Poverty drives poaching

Boots on the ground will not solve South Africa’s poaching problem, says criminologist, Cath Jakins, co-organiser of the Durban chapter of yesterday’s Global March for Elephants and Rhinos.

“Everyone rolls their eyes when I say this, and I know it sounds twee, but poverty and inequality need to be dealt with. That is what’s driving poaching. Eighty percent of people living near Protected Areas earn far less than a living age  They are being approached by individuals offering them R15,000 for one night’s work, so they do it,” said Jakins

Currently doing her doctorate in criminology, specialising in poaching, Jakins said her research looked into how people got involved in poaching, why they got involved, and what methods they use to get into game parks.
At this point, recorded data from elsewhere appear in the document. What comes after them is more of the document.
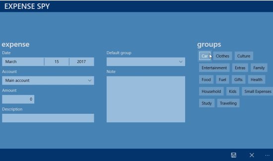 Expense Spy is a Windows 10 personal finance tracker app where you can track your monthly expenses, income, add groups for expenses, set a monthly budget, etc. The app has lots of great features to help you keep your personal finances up to date. You can even back up your data to your OneDrive account and even password protect the app.
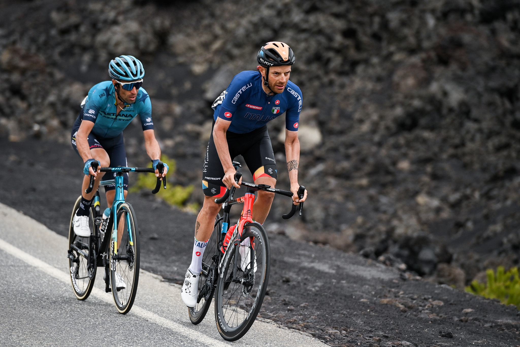 Vincenzo Nibali e Damiano Caruso sui tornanti dell'Etna nel Giro di Sicilia 2022
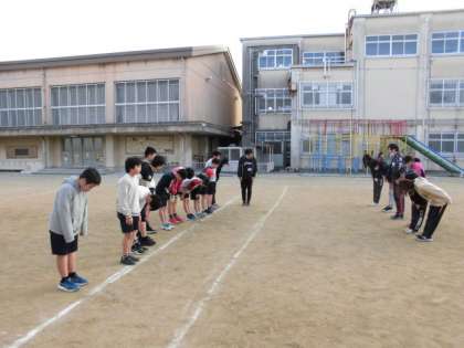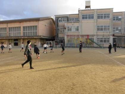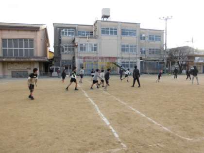同じくサッカー部も今日が活動の最終日でした。雪がちらつく寒い中でしたが、6年生対先生方での試合をしました。うまくパスをつないだり、先生方の足の間をぬく上手なプレーも見られました。結果は引き分け。寒い中、みんな汗だくになって楽しみました。

While security experts have called for tougher military-style action on the ground to combat poaching, Jakins reckons this will lead to a war that can never be won.

“It will turn into a blood bath, becoming more and more violent, with people in communities turning against each other: the rangers and people working in conservation living ostracized within the broader community,” said Jakins.

“Research also show that for every poacher killed, there is another one waiting to go in, because he, too, wants the money,” said Jakins.

She said solving the crisis required creative solutions in generating sources of income and benefits to people through protecting wildlife.

“But how? That is what my research is looking into. When people benefit from wildlife in their area, they will become proud and protective,” said Jakins.